> Task requirements
A full, word-for-word copy of the listing below is needed; leave the images out of it.

> Given data
* * * * * * * * *
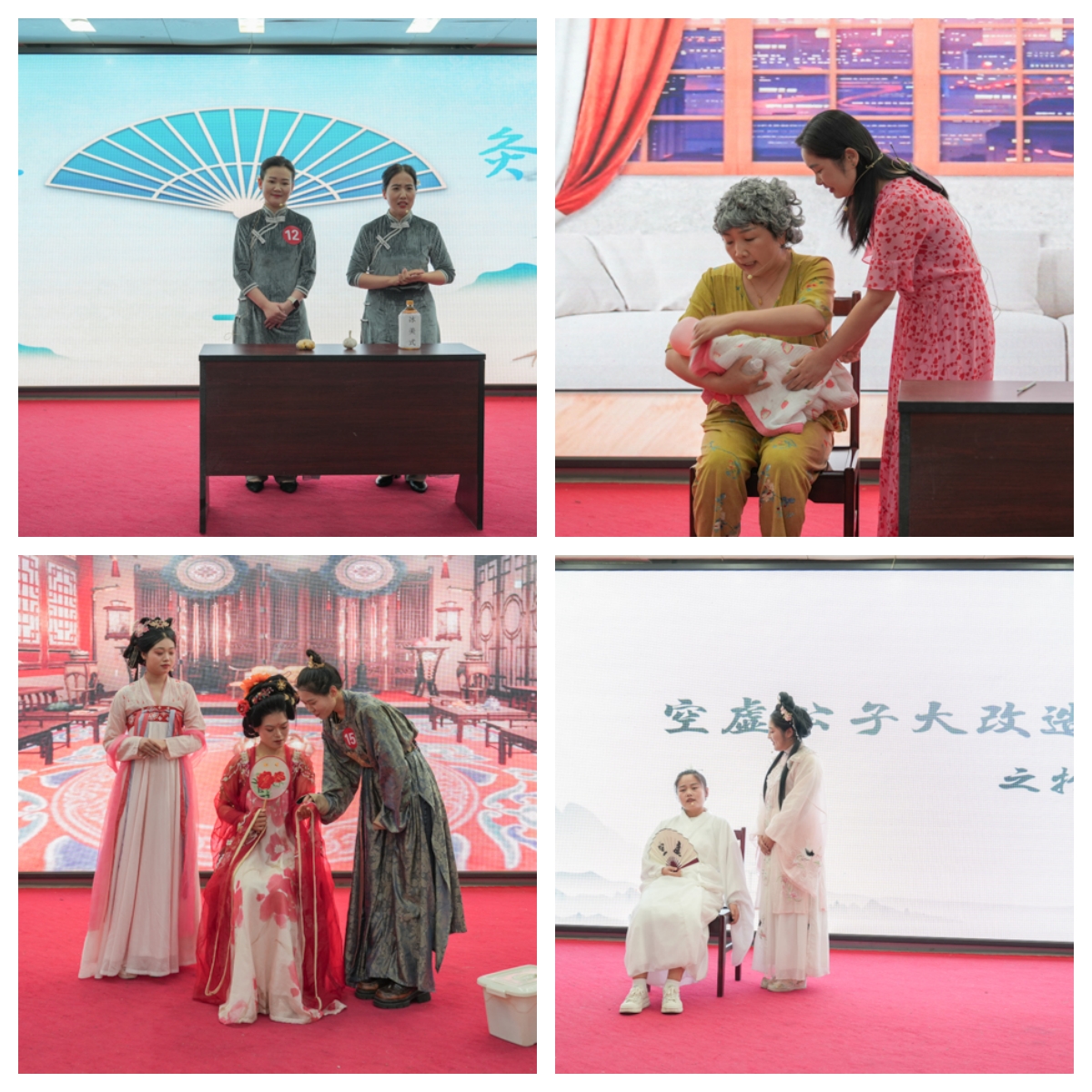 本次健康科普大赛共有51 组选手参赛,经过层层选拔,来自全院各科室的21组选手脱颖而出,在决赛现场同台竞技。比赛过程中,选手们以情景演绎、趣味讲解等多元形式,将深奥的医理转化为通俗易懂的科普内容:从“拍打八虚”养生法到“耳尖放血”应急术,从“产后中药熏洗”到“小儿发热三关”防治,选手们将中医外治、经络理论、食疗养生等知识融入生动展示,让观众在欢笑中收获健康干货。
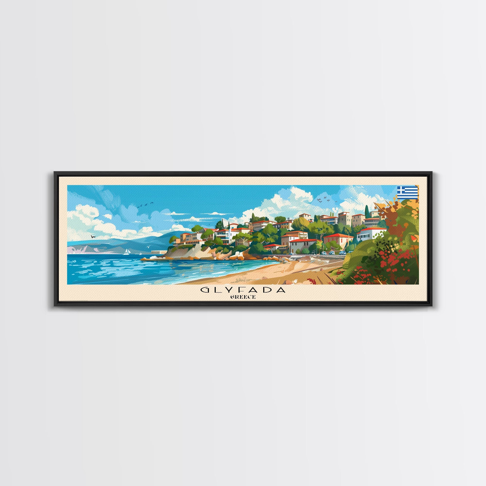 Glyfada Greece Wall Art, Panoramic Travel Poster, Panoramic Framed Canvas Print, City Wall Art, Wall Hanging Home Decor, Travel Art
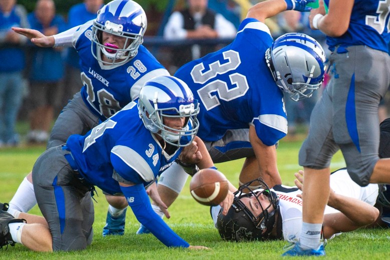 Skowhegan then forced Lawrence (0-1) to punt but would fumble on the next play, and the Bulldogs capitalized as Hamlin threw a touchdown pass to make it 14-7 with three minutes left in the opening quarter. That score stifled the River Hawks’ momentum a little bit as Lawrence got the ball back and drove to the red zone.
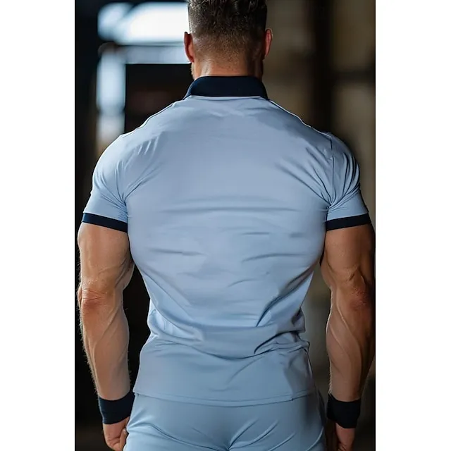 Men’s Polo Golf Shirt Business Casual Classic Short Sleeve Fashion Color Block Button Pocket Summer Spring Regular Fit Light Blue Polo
* * * * * * * * *
> Exercise output
 本次健康科普大赛共有51 组选手参赛,经过层层选拔,来自全院各科室的21组选手脱颖而出,在决赛现场同台竞技。比赛过程中,选手们以情景演绎、趣味讲解等多元形式,将深奥的医理转化为通俗易懂的科普内容:从“拍打八虚”养生法到“耳尖放血”应急术,从“产后中药熏洗”到“小儿发热三关”防治,选手们将中医外治、经络理论、食疗养生等知识融入生动展示,让观众在欢笑中收获健康干货。
 Glyfada Greece Wall Art, Panoramic Travel Poster, Panoramic Framed Canvas Print, City Wall Art, Wall Hanging Home Decor, Travel Art
 Skowhegan then forced Lawrence (0-1) to punt but would fumble on the next play, and the Bulldogs capitalized as Hamlin threw a touchdown pass to make it 14-7 with three minutes left in the opening quarter. That score stifled the River Hawks’ momentum a little bit as Lawrence got the ball back and drove to the red zone.
 Men’s Polo Golf Shirt Business Casual Classic Short Sleeve Fashion Color Block Button Pocket Summer Spring Regular Fit Light Blue Polo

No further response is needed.